Die alten wie A Place for My head sind einfach geil


----------



## Mastermaisi777 (3. Oktober 2010)

D!str(+)yer schrieb:


> Ich bin geteilter Meinung. Eigentlich gefällt mir nur "The Catalyst", "Waiting for the end" und "Burning in the Skies" richtig gut.



/sign

Die alten waren definitiv besser .


----------



## Shi (3. Oktober 2010)

Nein, das ist einfach nur eine möchtegern-harte-Nu-fuckin-Metal Band


----------



## mixxed_up (3. Oktober 2010)

Shi schrieb:


> Nein, das ist einfach nur eine möchtegern-harte-Nu-fuckin-Metal Band




Und das was du schreibst einfach nur unnötige Provokation.

Es reicht wenn du sagst, dass du sie schlecht findest.  

Denn das was du schreibst passt eher auf Tokio Hotel oder die Killerpilze.


----------



## Pikus (3. Oktober 2010)

dankööö. linkin park hat gute musik gemacht, und darum gehts. nicht darum, was sie vorgeben zu sein bzw was sie sind.
Und mir ist es shiceegal, was andere über bands denken, deren musik ich höre.

So, genug OT


----------



## DragonTEC (4. Oktober 2010)

bin auch geteilter meinung..

die ersten paar lieder, so bis 6 oder 7, dann noch 10 und 14 dazu find ich gut.. ist zwar deutlich was anderes als früher, aber in sich relativ stimmig und nach n paar mal hören echt okay.. der rest is aber ziemlich banane.. nicht so schlimm das man die skippen muss, aber auch nichts tolles..

außerdem kommt mir dieses album furchtbar kurz vor..


----------



## Painkiller (4. Oktober 2010)

A Thousand Suns ist kein Album wo man sich die besten Tracks raus suchen kann.

Bei diesem Album muss man das Gesamtwerk betrachten, und die Aussage dahinter verstehen. 

Ich will bei Gott niemanden hier von dem Album überzeugen, jedoch geb ich euch mal den Tipp das Album in Ruhe zu hören.

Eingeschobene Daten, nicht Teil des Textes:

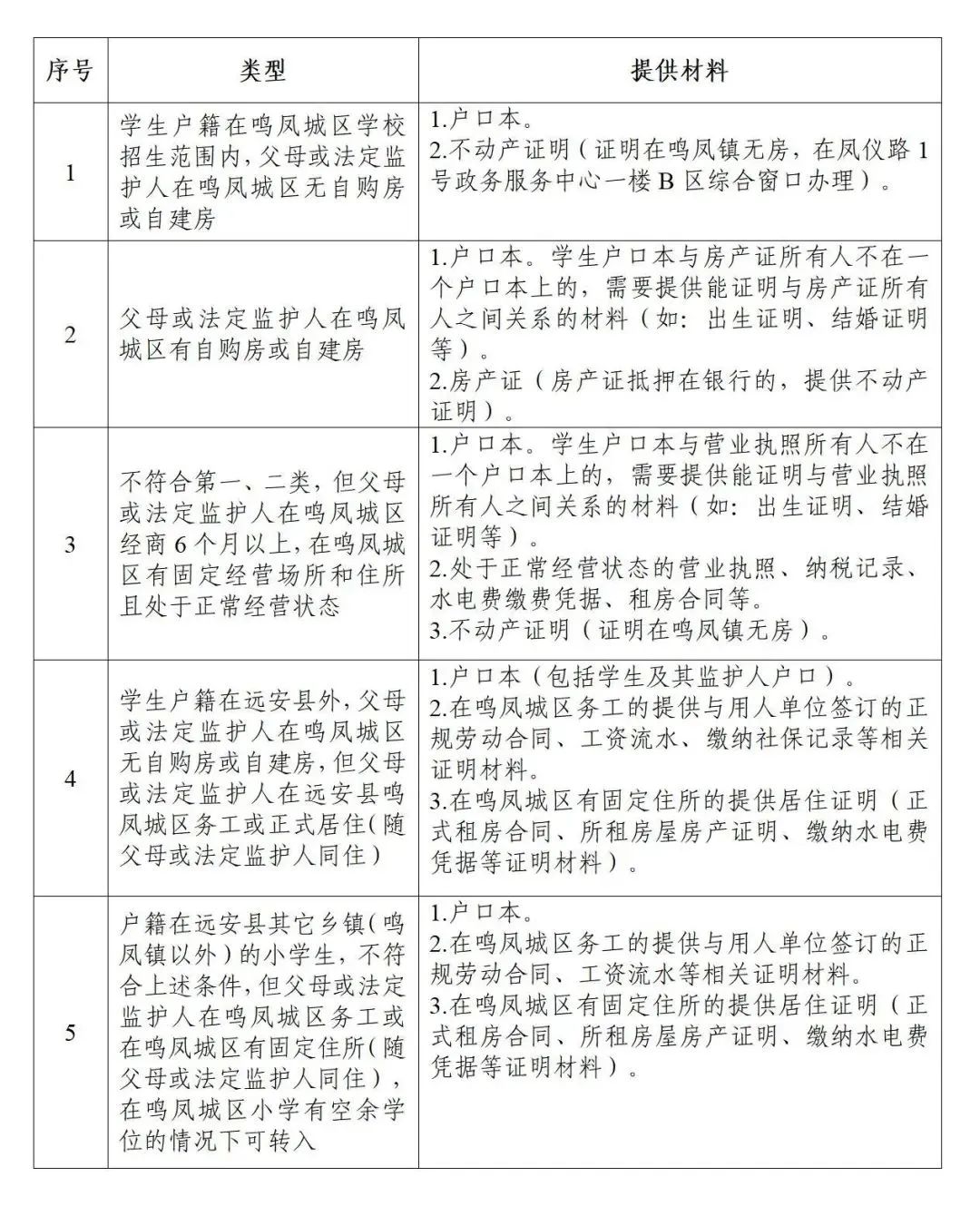 第五类:户籍在远安县其它乡镇(鸣凤镇以外)的小学生,不符合上述条件,但父母或法定监护人在鸣凤城区务工或在鸣凤城区有固定住所(随父母或法定监护人同住),在鸣凤城区小学有空余学位的情况下可转入。
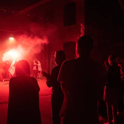 Standing ovation ce dimanche devant la dernière représentation de La vie est une fête des Chiens de Navarre …. Une belle image pour clôturer cette 21ème édition du Festival au carré… Poésie, rencontres artistiques insolites, voyages aux 4 coins de la ville, tranches de rires, retrouvailles chaleureuses sous les lampions, danse jusqu’au bout de la nuit, conversations intimes au bord d’un lit…Que d’émotions ! Nous vous proposons de les revivre en images ci-dessous et de parcourir la revue de presse ici.
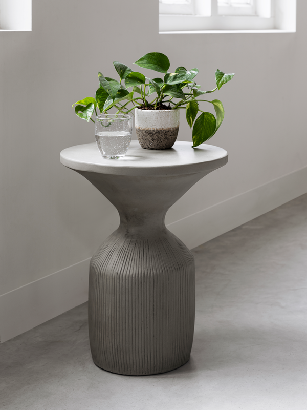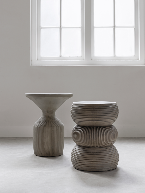 Deze bijzettafels zijn gemaakt van ciber cement, een sterk materiaal met een unieke steenstructuur. Flora en Slice zijn multifunctioneel. Gebruik ze als praktische bijzettafel met wat accessoires, of schuif ze gemakkelijk bij de zit- of eethoek voor een extra zitplek!
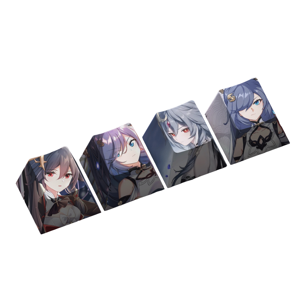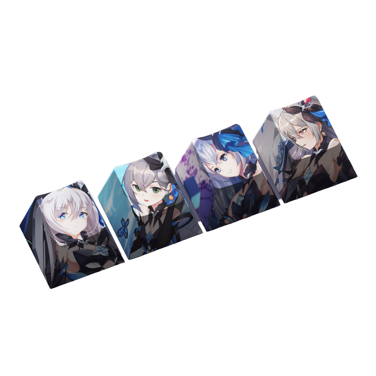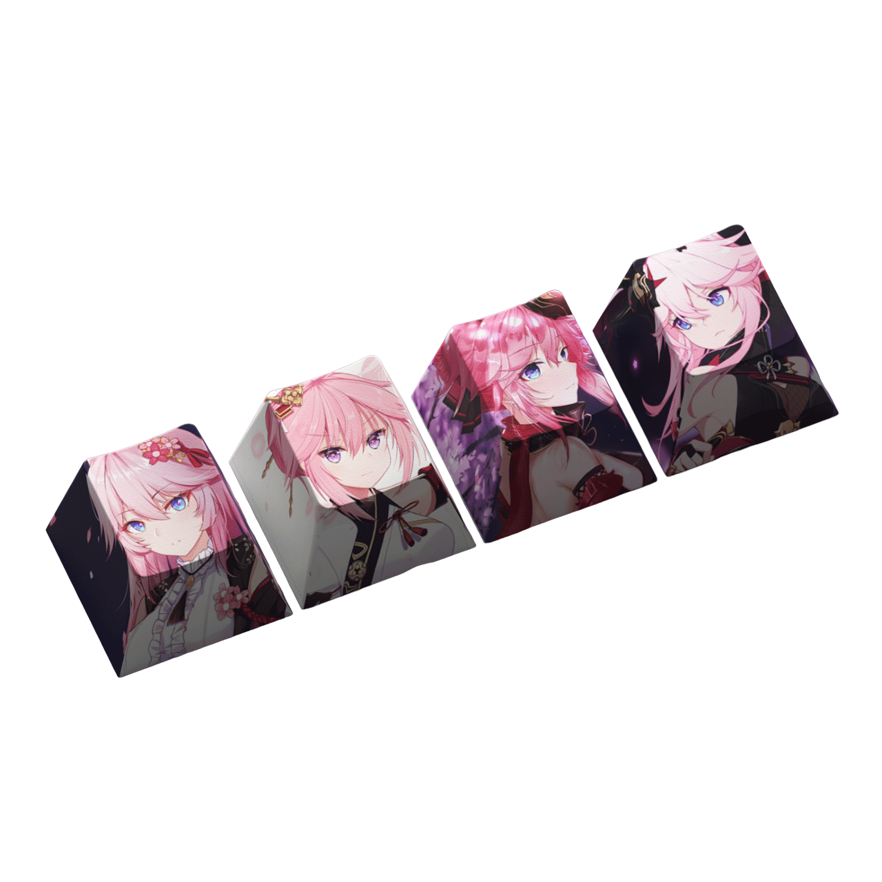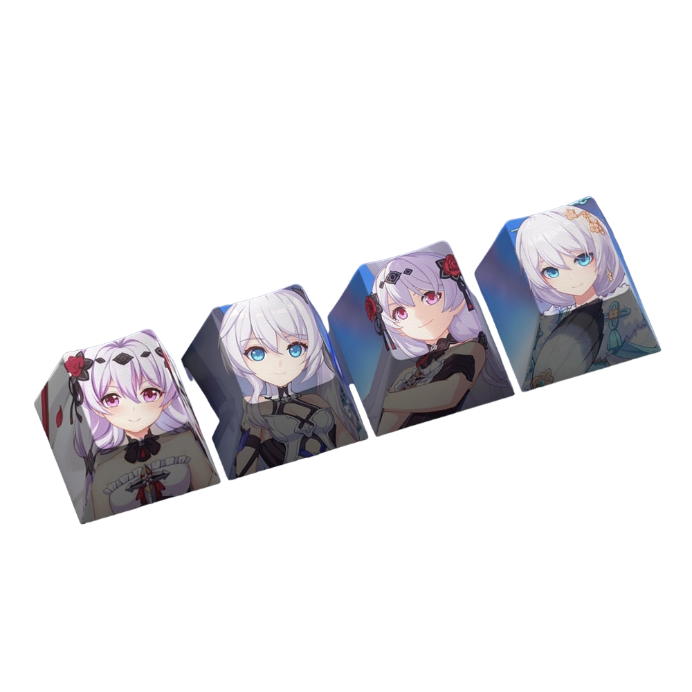 This mechanical keycaps set features various prints of characters from the Game "Honkai".

Und zwar Track für Track... Nicht einfach so nebenbei, sondern wirklich gezielt.


----------



## Bääängel (4. Oktober 2010)

Oder meinst du wohl Intro für Intro...


----------



## püschi (4. Oktober 2010)

Also ich kann mit dem neuen Album auch nichts anfangen. Ist einfach für die Masse gemacht worden. Früher habe ich fast ausschließlich Linkin Park gehört. Bei Minutes to Midnight waren es noch ein paar mehr Lieder die mir gefallen, aber mit den neuen kann ich mich gar nicht anfreunden.

Höre deshalb fast nur noch die Lieder von Meteora oder ab und zu auch Hybrid Theory. 


			Dieser Inhalt steht nur eingeloggten Mitgliedern zur Verfügung.
        

 


			Dieser Inhalt steht nur eingeloggten Mitgliedern zur Verfügung.


----------



## KILLmySELF (6. Oktober 2010)

Das album klingt im Allgemeinen recht gut


----------



## Bääängel (6. Oktober 2010)

KILLmySELF schrieb:


> Das album klingt im Allgemeinen recht gut



Kennst du die alten Aleben? 
Bzw. fandest du die gut?


----------



## BautznerSnef (7. Oktober 2010)

Ich finde das neue Album nicht schlecht. Reicht aber nicht an die ersten ran. Gut, kaufen werd ich's mir trotzdem. Lohnt sich das Album mit DVD zu kaufen?


----------



## Painkiller (7. Oktober 2010)

Die DVD ist ganz nett  (zumindest für Fans) Außerdem ist die Hülle da schöner. xD


----------



## BautznerSnef (7. Oktober 2010)

Danke dir Painkiller, dann kaufe ich definitiv das Album mit DVD. Da ich von Linkin Park eh alle Alben hab (2 oder 3 mit DVD wenn ich mich nicht irre) da passt das. 
Zur zeit ist Waiting for the Ends mein Lieblingslied vom neuen Album. Und der Nobrain Remix von the Catalyst kommt auch voll geil (iTunes). Hab mir die Limited Deluxe Edition gezogen.


----------



## Gelöschter_Account_0001 (7. Oktober 2010)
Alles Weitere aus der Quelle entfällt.